### DATASET ENTRIES
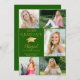 Anuncie seu segundo grau ou formando universitário com este anúncio elegante de fotos em verde e ouro (ou outra cor de fundo) com 6 fotos (5 na frente e 1 na parte traseira), um elegante boné de formatura metálico de folha de ouro ou cartão de papel, o título FORMANDO ANO com seu nome de formando em um roteiro manuscrito e nome da escola. O verso foi projetado para incluir informações sobre as realizações, atividades e planos futuros de seus formandos, conforme desejado. ASSISTÊNCIA: Para obter ajuda sobre modificação/personalização do design, alteração de cor, transferência do design para outro produto ou se você quiser coordenar itens, entre em contato com o designer ANTES DE PEDIR por meio do Zazzle Chat ou makeitaboutyoustore@gmail.com.
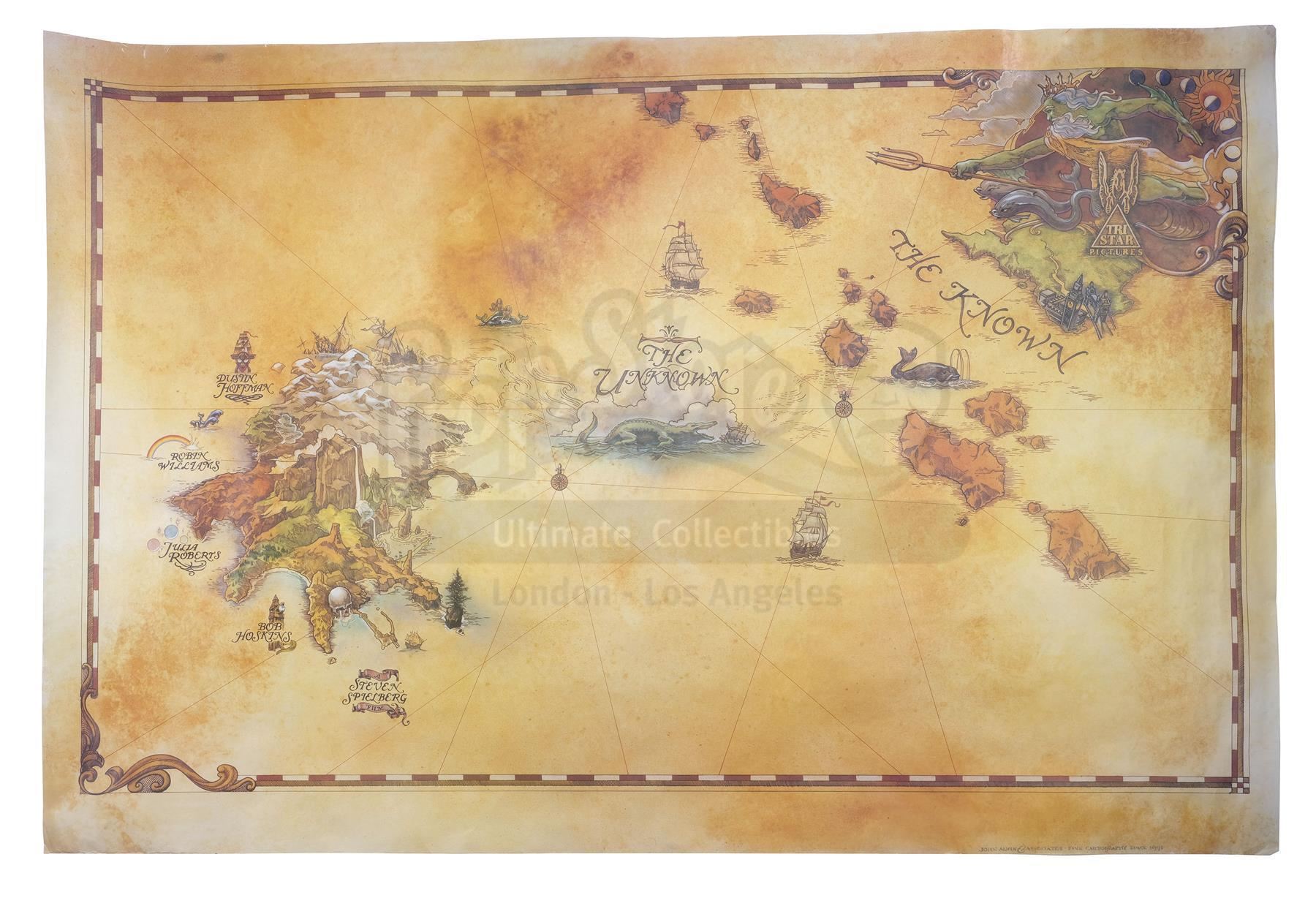This lot will be auctioned on Tuesday, June 29th. The auction will begin at 9:00am PDT and lots are sold sequentially via live auctioneer; tune in to the live streaming broadcast on auction day to follow the pace. Note other lots in the auction may close on June 30th or July 1st. A teaser trailer burn-effect map from the promotion of Steven Spielberg's fantasy adventure film Hook. This prop map was printed from an illustration by renowned poster artist John Alvin specifically for the trailer gag in which it was set aflame. The map showcased key cast and locations in the film which the camera panned over to give an exciting glimpse of what was to come. A number of prop maps were printed for the trailer's production, as the shot of the map burning had to be done many times to get an optimal look. This unburned example was printed from Alvin's artwork onto specialized, parchment-like paper. The paper was then treated to appear aged and distressed. This map comes from a member of the trailer production crew and remains in good overall condition with various signs of production use, including creases from storage. Dimensions: 30" x 40" (76.25 cm x 101.75 cm) Estimate: $3,000 - 5,000
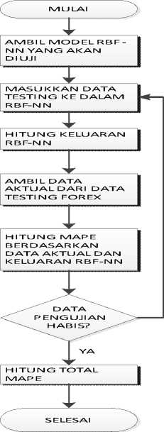 d. Setelah matrik w ditentukan, maka hasil perkalian mat-rik φ dan matrik w merupakan hasil peramalan atau keluaran dari sistem, sementara matrik t merupakan target yang harus dicapai. Penghitungan error (MAPE) dilakukan sesuai (5), jadi hasil perkalian φ dan w diambil sebagai nilai At , nilai Ft diambil dari matrik t, dan n sesuai jumlah data. Misalkan hasil peramalan ke-1 sampai ke-5 memberikan nilai : 1,1 ; 1,2 ; 1,3 ; 1,4 ; 1,5 dan nilai dari matrik t sebagai target ke-1 sampai ke-5 adalah : 1,2 ; 1,2 ; 1,3 ; 1,2 ; 1,5, maka nilai MAPE yang diperoleh :
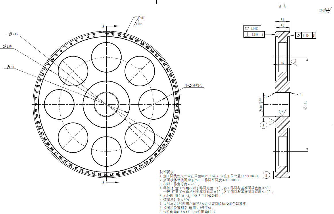 9、工作面表面粗糙度:Ra≤0.025um;
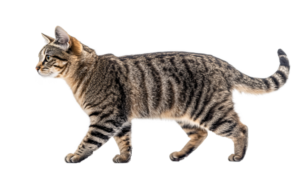 Sweet silver tabby British Shorthair cat kitten, sitting up facing front. Looking towards camera with big eyes. Isolated cutout on transparent background.
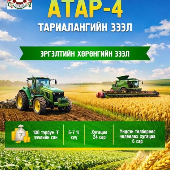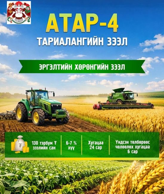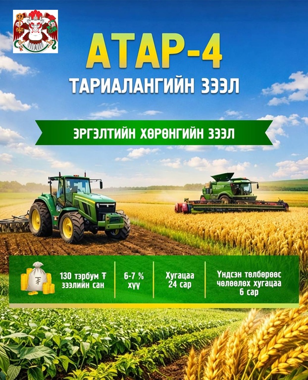 - 🌾🌾🌾 АТАР-4 ТАРИАЛАНГИЙН ТОГТВОРТОЙ ХӨГЖЛИЙН АЯНЫ ХҮРЭЭНД ОЛГОХ ТАРИАЛАНГИЙН ҮЙЛДВЭРЛЭЛ ЭРХЛЭГЧДИЙГ ДЭМЖИХ ЭРГЭЛТИЙН ХӨРӨНГИЙН ЗЭЭЛ

### PROBLEM STATEMENT
Reproduce the listing word for word and omit its pictures.

### FINAL ANSWER
 Anuncie seu segundo grau ou formando universitário com este anúncio elegante de fotos em verde e ouro (ou outra cor de fundo) com 6 fotos (5 na frente e 1 na parte traseira), um elegante boné de formatura metálico de folha de ouro ou cartão de papel, o título FORMANDO ANO com seu nome de formando em um roteiro manuscrito e nome da escola. O verso foi projetado para incluir informações sobre as realizações, atividades e planos futuros de seus formandos, conforme desejado. ASSISTÊNCIA: Para obter ajuda sobre modificação/personalização do design, alteração de cor, transferência do design para outro produto ou se você quiser coordenar itens, entre em contato com o designer ANTES DE PEDIR por meio do Zazzle Chat ou makeitaboutyoustore@gmail.com.
This lot will be auctioned on Tuesday, June 29th. The auction will begin at 9:00am PDT and lots are sold sequentially via live auctioneer; tune in to the live streaming broadcast on auction day to follow the pace. Note other lots in the auction may close on June 30th or July 1st. A teaser trailer burn-effect map from the promotion of Steven Spielberg's fantasy adventure film Hook. This prop map was printed from an illustration by renowned poster artist John Alvin specifically for the trailer gag in which it was set aflame. The map showcased key cast and locations in the film which the camera panned over to give an exciting glimpse of what was to come. A number of prop maps were printed for the trailer's production, as the shot of the map burning had to be done many times to get an optimal look. This unburned example was printed from Alvin's artwork onto specialized, parchment-like paper. The paper was then treated to appear aged and distressed. This map comes from a member of the trailer production crew and remains in good overall condition with various signs of production use, including creases from storage. Dimensions: 30" x 40" (76.25 cm x 101.75 cm) Estimate: $3,000 - 5,000
 d. Setelah matrik w ditentukan, maka hasil perkalian mat-rik φ dan matrik w merupakan hasil peramalan atau keluaran dari sistem, sementara matrik t merupakan target yang harus dicapai. Penghitungan error (MAPE) dilakukan sesuai (5), jadi hasil perkalian φ dan w diambil sebagai nilai At , nilai Ft diambil dari matrik t, dan n sesuai jumlah data. Misalkan hasil peramalan ke-1 sampai ke-5 memberikan nilai : 1,1 ; 1,2 ; 1,3 ; 1,4 ; 1,5 dan nilai dari matrik t sebagai target ke-1 sampai ke-5 adalah : 1,2 ; 1,2 ; 1,3 ; 1,2 ; 1,5, maka nilai MAPE yang diperoleh :
 9、工作面表面粗糙度:Ra≤0.025um;
 Sweet silver tabby British Shorthair cat kitten, sitting up facing front. Looking towards camera with big eyes. Isolated cutout on transparent background.
 - 🌾🌾🌾 АТАР-4 ТАРИАЛАНГИЙН ТОГТВОРТОЙ ХӨГЖЛИЙН АЯНЫ ХҮРЭЭНД ОЛГОХ ТАРИАЛАНГИЙН ҮЙЛДВЭРЛЭЛ ЭРХЛЭГЧДИЙГ ДЭМЖИХ ЭРГЭЛТИЙН ХӨРӨНГИЙН ЗЭЭЛ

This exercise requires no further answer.